Goal of the exercise: Beneath this instruction is a block of data; output from it exactly the lines that run from the one containing "Comparison between simulated" through the one containing "A mid 20th century", inclusive.

Records shown:

===============

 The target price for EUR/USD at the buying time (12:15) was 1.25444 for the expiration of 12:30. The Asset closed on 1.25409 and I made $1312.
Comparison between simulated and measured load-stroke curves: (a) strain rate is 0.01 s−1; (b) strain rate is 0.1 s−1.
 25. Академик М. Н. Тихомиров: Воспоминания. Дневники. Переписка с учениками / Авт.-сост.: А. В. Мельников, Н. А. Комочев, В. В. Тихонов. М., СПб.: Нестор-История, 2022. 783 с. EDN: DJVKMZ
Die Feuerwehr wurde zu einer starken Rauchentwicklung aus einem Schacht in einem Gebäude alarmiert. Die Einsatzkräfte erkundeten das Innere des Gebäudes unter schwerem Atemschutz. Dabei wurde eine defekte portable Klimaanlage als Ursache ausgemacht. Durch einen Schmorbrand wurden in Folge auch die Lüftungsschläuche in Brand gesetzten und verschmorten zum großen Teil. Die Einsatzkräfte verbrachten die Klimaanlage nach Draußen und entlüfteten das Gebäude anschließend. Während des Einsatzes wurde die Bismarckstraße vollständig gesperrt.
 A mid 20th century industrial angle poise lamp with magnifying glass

===============

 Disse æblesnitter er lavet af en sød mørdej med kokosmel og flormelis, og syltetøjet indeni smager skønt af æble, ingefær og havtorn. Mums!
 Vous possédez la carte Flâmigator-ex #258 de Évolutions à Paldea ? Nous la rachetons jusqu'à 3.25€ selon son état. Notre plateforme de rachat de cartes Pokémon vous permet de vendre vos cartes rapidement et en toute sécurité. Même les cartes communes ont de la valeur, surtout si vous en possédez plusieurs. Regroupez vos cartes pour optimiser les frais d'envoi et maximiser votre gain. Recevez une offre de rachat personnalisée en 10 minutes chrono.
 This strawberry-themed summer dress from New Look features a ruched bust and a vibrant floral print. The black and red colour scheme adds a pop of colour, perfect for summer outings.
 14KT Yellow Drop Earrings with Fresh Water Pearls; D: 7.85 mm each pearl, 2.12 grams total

===============

Exercise answer:
Comparison between simulated and measured load-stroke curves: (a) strain rate is 0.01 s−1; (b) strain rate is 0.1 s−1.
 25. Академик М. Н. Тихомиров: Воспоминания. Дневники. Переписка с учениками / Авт.-сост.: А. В. Мельников, Н. А. Комочев, В. В. Тихонов. М., СПб.: Нестор-История, 2022. 783 с. EDN: DJVKMZ
Die Feuerwehr wurde zu einer starken Rauchentwicklung aus einem Schacht in einem Gebäude alarmiert. Die Einsatzkräfte erkundeten das Innere des Gebäudes unter schwerem Atemschutz. Dabei wurde eine defekte portable Klimaanlage als Ursache ausgemacht. Durch einen Schmorbrand wurden in Folge auch die Lüftungsschläuche in Brand gesetzten und verschmorten zum großen Teil. Die Einsatzkräfte verbrachten die Klimaanlage nach Draußen und entlüfteten das Gebäude anschließend. Während des Einsatzes wurde die Bismarckstraße vollständig gesperrt.
 A mid 20th century industrial angle poise lamp with magnifying glass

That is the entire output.